Click on the image above and download the PDF file and use accordingly or download HERE
There are numerous factors to be cognizant of in operations involving commercial buildings and occupancies; with special considerations and a diligent focus on a wide degree of facets on the fireground during combat fire engagement.
You need to start somewhere, thus the investment in these observations and insights for this event. Open your eyes on the fireground, there is so much to take in and respond to; if you know what to look for and can process what you’re seeing.
It is mission critical to comprehend and understand your department’s operational capabilities and the necessary deployment demands for fire suppression, fire flow and phased operations at commercial building fires.
Commercial Fire and Collapse
Respect these buildings for the occupancy risk they present and not the typical occupancy type that we develop our conventional strategies, incident action plans and tactical deployments.
It’s a lot more than that, with far greater consequences; that may be very unforgiving.
A recent video clip making its way around the cyber fireground clearly depicted a very close-call and resulting near miss event to four firefighters at a four alarm fire involving a commercial building that housed an established insulation manufacturer and installation contractor.

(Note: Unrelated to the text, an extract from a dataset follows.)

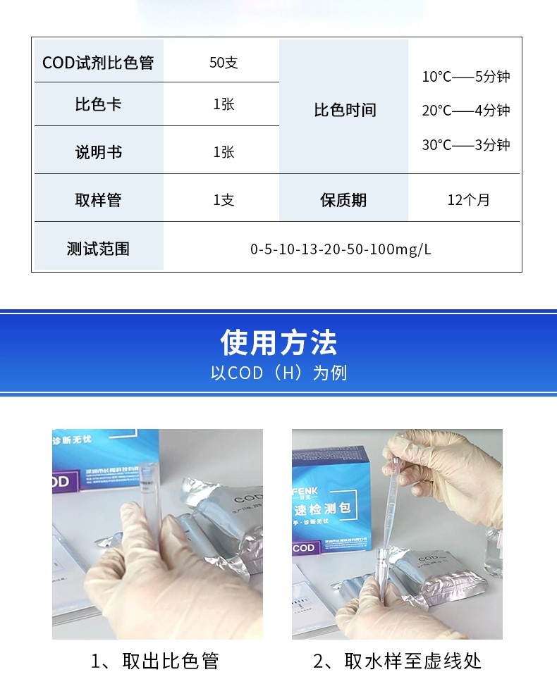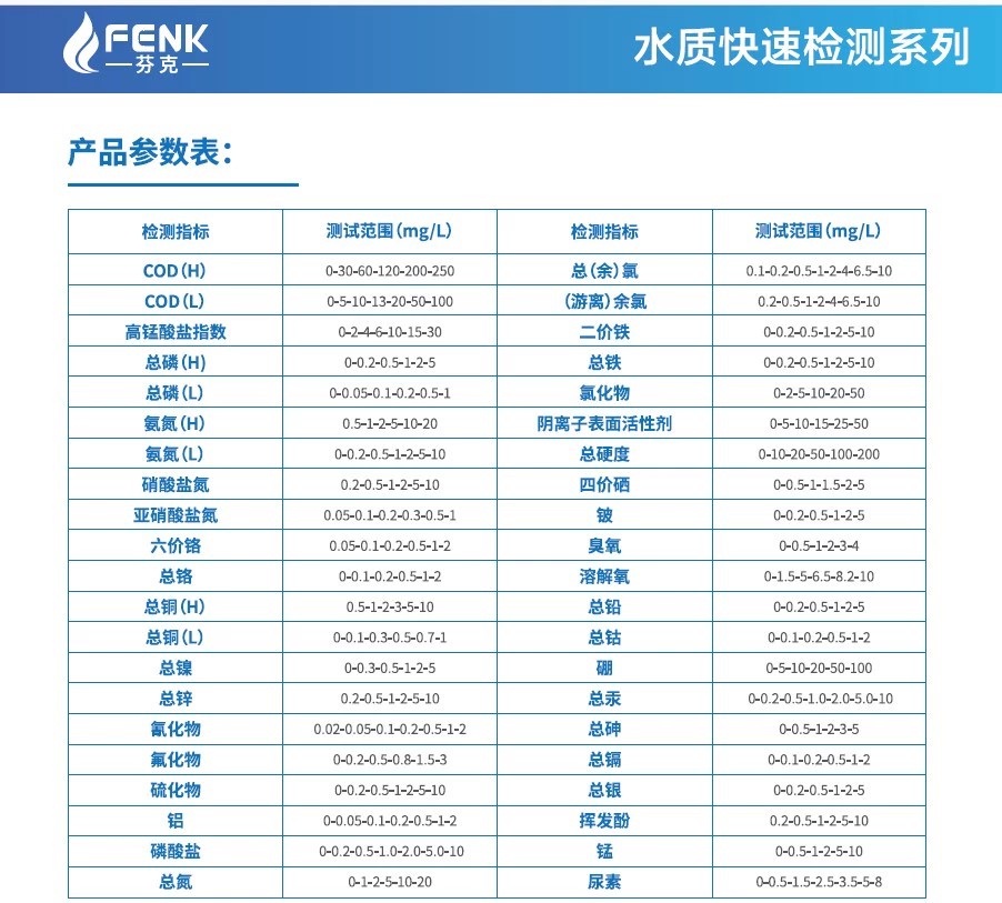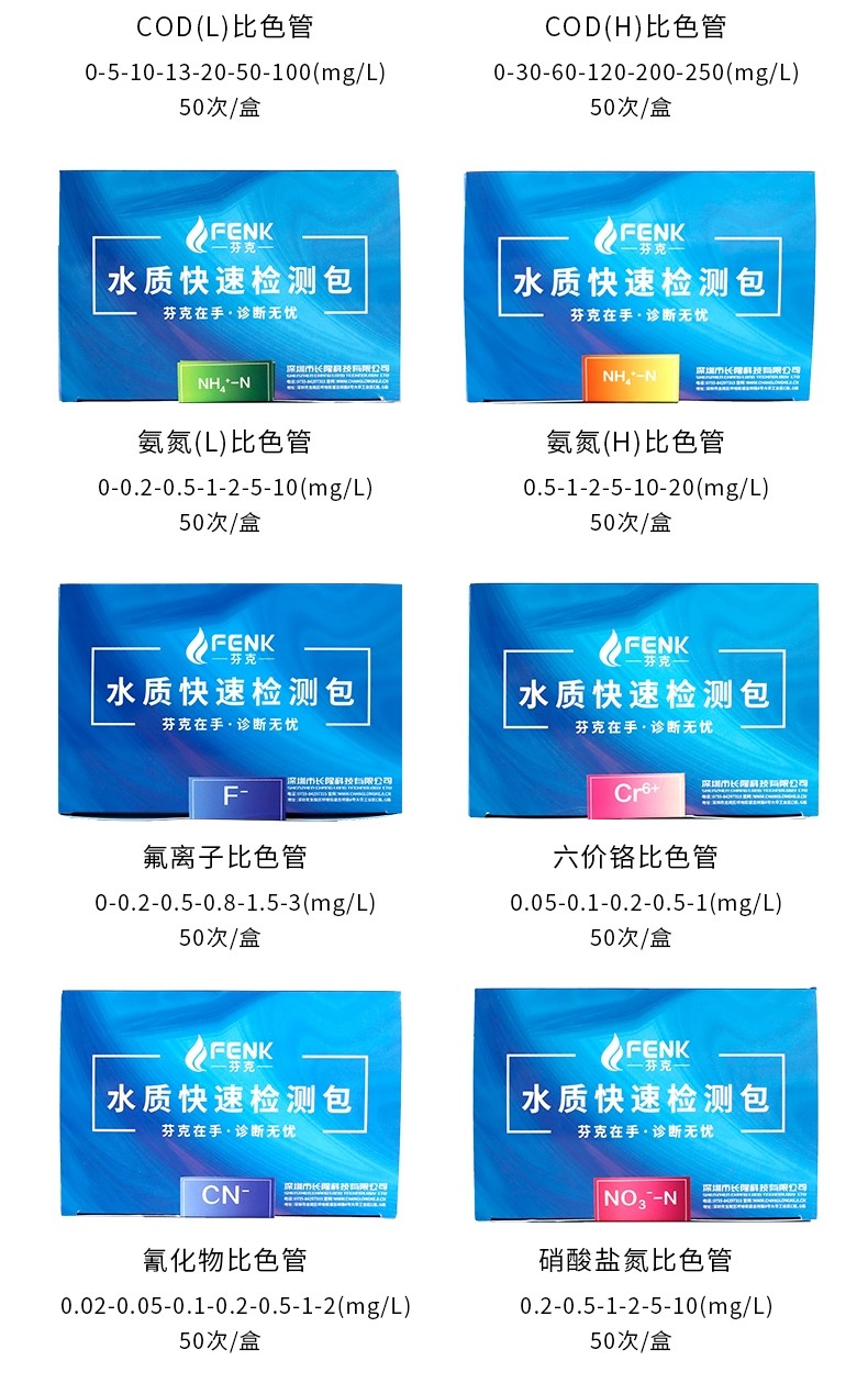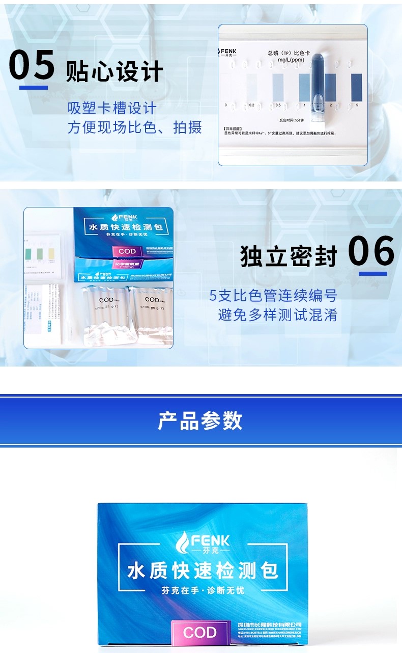 產品簡介:芬克水質快速檢測:批量式樣品檢測,快至1分鐘。準確:依據國標方法開發強抗干擾試劑,申請專利保護。便攜:比色管獨立包裝,可放進口袋。

The video shows within a very compressed time frame, the progression of rapidly deteriorating interior conditions, the adverse affects on the building’s structural systems and the results from the loss of load transfers that lead to a catastrophic wall collapse narrowly missing the crew of firefighters who were operating a hand line in the vicinity of an exterior overhead door. Fortunately the injuries sustained to the firefighters were minor in nature; however the consequences and results from this collapse could have been far different and significantly more severe.
Following a series of repeated viewings of the video clip and with each successive viewing, it became readily apparent that there was a lot more to these images of the collapse and the cursory focus on the resulting near miss event. Closer examination of the video clip and the still frames brought to light some obvious conditions and indicators that easily become lost in the rapidity of the sequence of the collapse; which really has the true story to be told.
It’s the mechanism and sequence of the collapse, the dynamics of the building’s performance and the building indicators that provide a training opportunity in further examining key factors, presenting insights that could be a focus for operational and command personnel at future incidents with common parameters and gaining some mental models in recognition-primed decision making that contribute to the naturalistic decision-making process.
If you know what to be looking for, then when you see it, you may be able to anticipate, project and implement in rapid succession appropriate measures dictated by the incident.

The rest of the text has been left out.